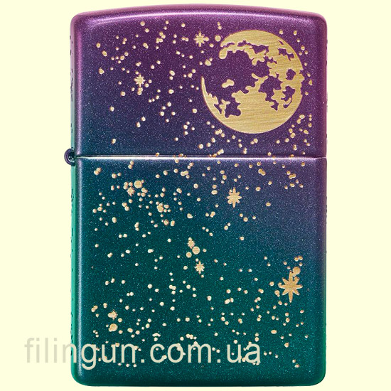 Zippo 49448 виконана в унікальному кольорі, що переливається, нагадує нічне зоряне небо. Дизайн Starry Sky виконаний з використанням лазерного гравіювання, що створює зірки, що переливаються, на всіх чотирьох сторонах корпусу. Завершує композицію яскравий повний місяць, що гордо розміщений на кришці, а на боці без петель сяє полум'я Zippo, доповнюючи атмосферу зоряної ночі. Цей ефект додає запальничці неповторну естетику, яка підійде як для особистого використання, так і стильного подарунка. Корпус виготовлений із міцного металу, що забезпечує довговічність та стійкість до зносу.
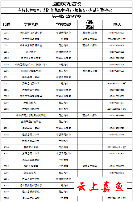 所有考生除了可以填报本地高中教育阶段招生学校外,还能填报招生范围为面向全市招生的学校(包括中职)。温泉城区学校的考生还可填报咸宁高中在温泉城区的分配生计划志愿及咸安区其他高中学校。各县(市、区)考生皆可填报鄂高国际班计划志愿。
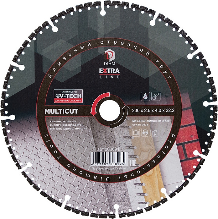 Универсальный алмазный круг Diam Extra Line V-Tech Multicut 230 мм (Диам Экстра Лайн В-Теч Мультикат 230 мм) – специальный алмазный отрезной диск для сухой резки широкого спектра материалов, таких, как: камень, керамика, кирпич, бетон, железобетон, металл, дерево, пластик и многих других.

☆ ☆ ☆ ☆ ☆

§ WHAT IS REQUIRED: Could you restate the material word for word, omitting the pictures?

§ RESPONSE BELOW:
 Zippo 49448 виконана в унікальному кольорі, що переливається, нагадує нічне зоряне небо. Дизайн Starry Sky виконаний з використанням лазерного гравіювання, що створює зірки, що переливаються, на всіх чотирьох сторонах корпусу. Завершує композицію яскравий повний місяць, що гордо розміщений на кришці, а на боці без петель сяє полум'я Zippo, доповнюючи атмосферу зоряної ночі. Цей ефект додає запальничці неповторну естетику, яка підійде як для особистого використання, так і стильного подарунка. Корпус виготовлений із міцного металу, що забезпечує довговічність та стійкість до зносу.
 所有考生除了可以填报本地高中教育阶段招生学校外,还能填报招生范围为面向全市招生的学校(包括中职)。温泉城区学校的考生还可填报咸宁高中在温泉城区的分配生计划志愿及咸安区其他高中学校。各县(市、区)考生皆可填报鄂高国际班计划志愿。
 Универсальный алмазный круг Diam Extra Line V-Tech Multicut 230 мм (Диам Экстра Лайн В-Теч Мультикат 230 мм) – специальный алмазный отрезной диск для сухой резки широкого спектра материалов, таких, как: камень, керамика, кирпич, бетон, железобетон, металл, дерево, пластик и многих других.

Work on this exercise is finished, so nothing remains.